Although it is clear that much confidential information was furnished to defendant by plaintiff during his employment, there is nothing in the record to indicate that defendant disclosed it to others or utilized it himself. Defendant did, while still in plaintiff’s employ, tell plaintiff’s customers that he was going in business for himself, and that “if they wanted to, they could switch over to me and my program.”

In the recent case of National Safe Corporation v. Benedict and Myrick, Inc., 371 So.2d 792 (La.1979), the court said:

“Article 1901 of the Civil Code requires good faith performance of all agreements. A principle of implied obligations in contracts is also stated in Article 1903 of the Code in these words: ‘The obligation of contracts extends not only to what is expressly stipulated, but also to everything that, by law, equity or custom, is considered as incidental to the particular contract, or necessary to carry it into effect.’ The effect of equity on implied obligations is expressed in Article 1964 in these terms: ‘Equity, usage and law supply such incidents only as the parties may reasonably be supposed to have been silent upon from a knowledge that they would be supplied from one of these sources.’ Insofar as pertinent here, the ‘equity intended by this rule is founded in the Christian principle not to do unto others that which we would not wish others should do unto us. . . .’ La. Civil Code art. 1965.”

Assuming that defendant’s conduct while in plaintiff’s employ amounted to such a breach of contract, the relief to which plaintiff might be entitled is governed by Articles 1926 through 1928 of the Civil Code which provide:

“Art. 1926. On the breach of any obligation to do, or not to do, the obligee is entitled either to damages, or, in cases which permit it, to a specific performance of the contract, at his option, or he may require the dissolution of the contract, and in all these cases damages may be given where they have accrued, according to the rules established in the following section.
“Art. 1927. In ordinary cases, the breach of such a contract entitles the party aggrieved only to damages, but where this would be an inadequate compensation, and the party has the power of performing the contract, he may be constrained to a specific performance by means prescribed in the laws which regulate the practice of the courts.
“Art. 1928. The obligee may require that any thing which has been done in violation of a contract, may be undone, if the nature of the cause will permit, and that things be restored to the situation in which they were before the act complained of was done, and the court may order this to be effected by its officers, or authorize the injured party to do it himself at the expense of the other, and may also add damages, if the justice of the case require it.”

Although the injunctive relief sought by plaintiff might be authorized by the foregoing provisions, we are of the opinion that it would not be appropriate in this case.

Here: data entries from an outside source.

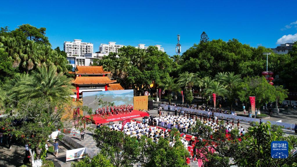 這是7月8日拍攝的五指山“上山爽一夏 故園·畢業(yè)季”暨州府故園文化節啟動(dòng)儀式現場(chǎng)(無(wú)人機照片)。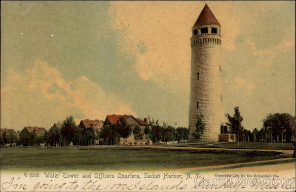 G 6206 Water Tower and Officers Quarters, Sacket Harbor, N. Y., Copyright 1965 by the Rotograph Co.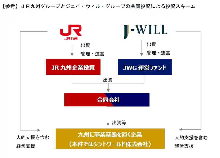 | このたび、合同会社JR九州企業投資※とジェイ・ウィル・グループ[佐野 将太1] が運営するファンドが共同で出資する合同会社を設立し、熊本県八代市でホテルアメニティの製造販売を主業とするシントワールド株式会社の全株式を譲り受けましたのでお知らせします。今後、シントワールド株式会社の事業継続と更なる成長を支援することで、地域の発展に繋げる取り組みを進めてまいります。 | |||||||||

The injury suffered by plaintiff can probably be compensated by money damages, and a grant of the injunctive relief prayed for herein would result in de facto enforcement of the non-competition agreement, which, as noted above, is contrary to the public policy of the state. We find the authorities relied on by plaintiff to be factually inappo-site.

The judgment appealed from is affirmed, at plaintiff’s cost.

AFFIRMED.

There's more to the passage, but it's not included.